In this work we evaluate the potential benefits of parallel transmission for fetal imaging in reducing local SAR and mitigating flip angle inhomogeneities. Our results show that compared to single channel transmission, using 2 channel parallel transmission with a 2 port birdcage coil, local SAR can be reduced by a factor of up to 5 and flip angle inhomogeneity can be mitigated by up to 66% for realistically long RF pulses.
EM Simulations: A pregnant body model with 7 month gestational age (7) is simulated inside the 2-port, 32-rung birdcage Skyra coil model (Siemens Healthcare, Erlangen, Germany) using Sim4Life (ZMT, Zurich, Switzerland) to obtain the electromagnetic fields (Figure.1). The body model is positioned to center the fetus brain at the isocenter of the coil. The matchings of the ports are less than -14 dB when loaded with the pregnant body model. The resulting B1+ field has a max/min ratio of 2.9 in the isocenter slice inside the body model.

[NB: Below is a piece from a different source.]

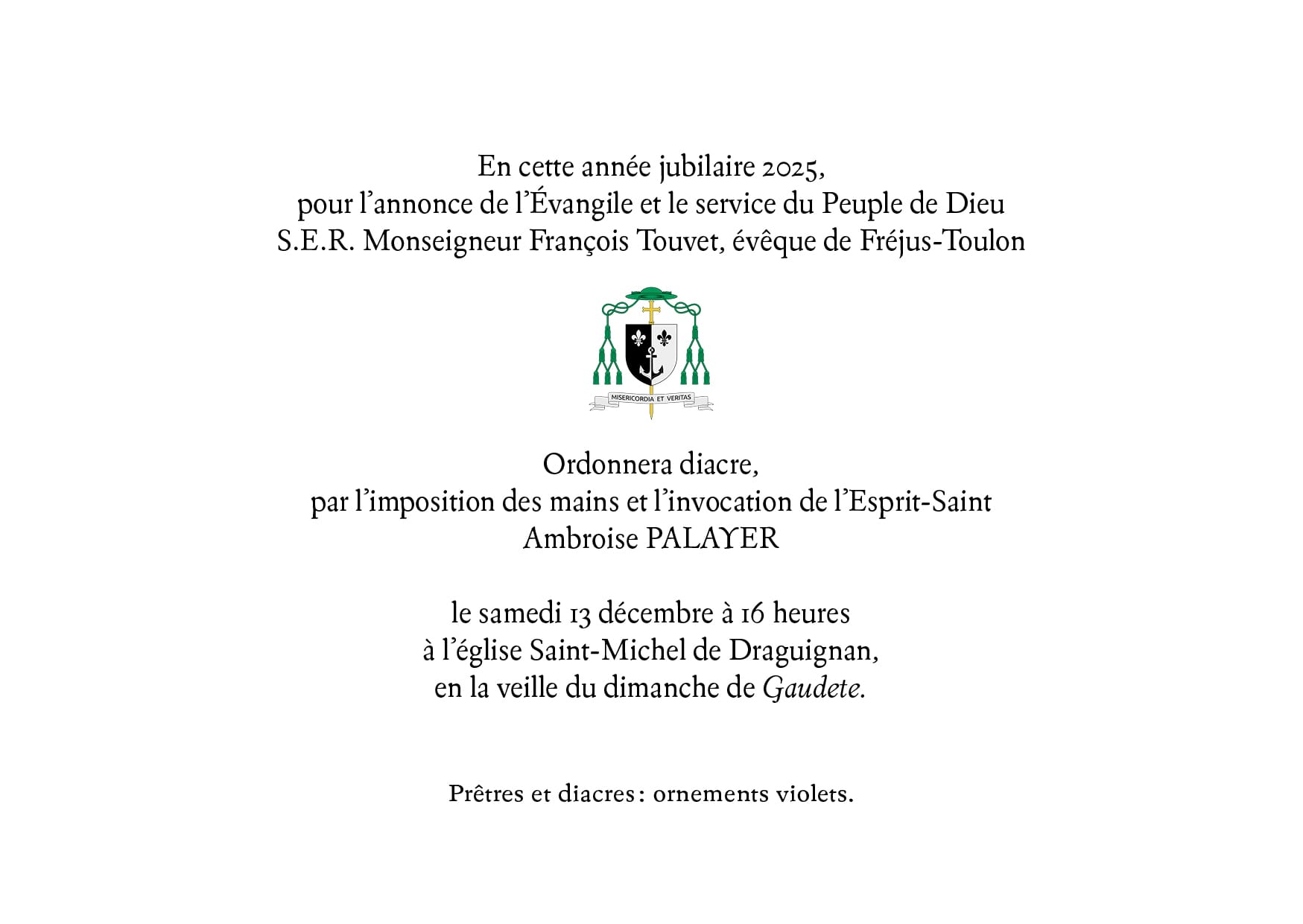 Samedi 13 décembre : ordination d’Ambroise Palayer

Pulse Design: The electric fields are extracted and the computed SAR matrices in the body are compressed into virtual observation points (VOPs) (8). The VOPs and the B1+ fields are fed into a slice selective high flip angle local and global SAR constrained RF pulse design algorithm using magnitude least squares (MLS) optimization (9) to design 90° excitation as well as 180° refocusing pulses. A Hanning windowed sinc subpulse with a time bandwidth product of 2 and a duration of 4.1 ms (2.1 ms) is chosen for the refocusing (excitation) pulses. A duty cycle of 10% was assumed in calculating the SAR values. The standard circularly polarized birdcage mode pulse is scaled to give an average flip angle of 90° and 180° for a more fair comparison of the pulse performances. For the same purpose, a second CP BC mode pulse whose pulse length is matched to the 2 spoke pTx pulse is evaluated. Off resonance is assumed to be zero, which is an assumption that gets worse as the pulse duration becomes longer (2 spoke pulses).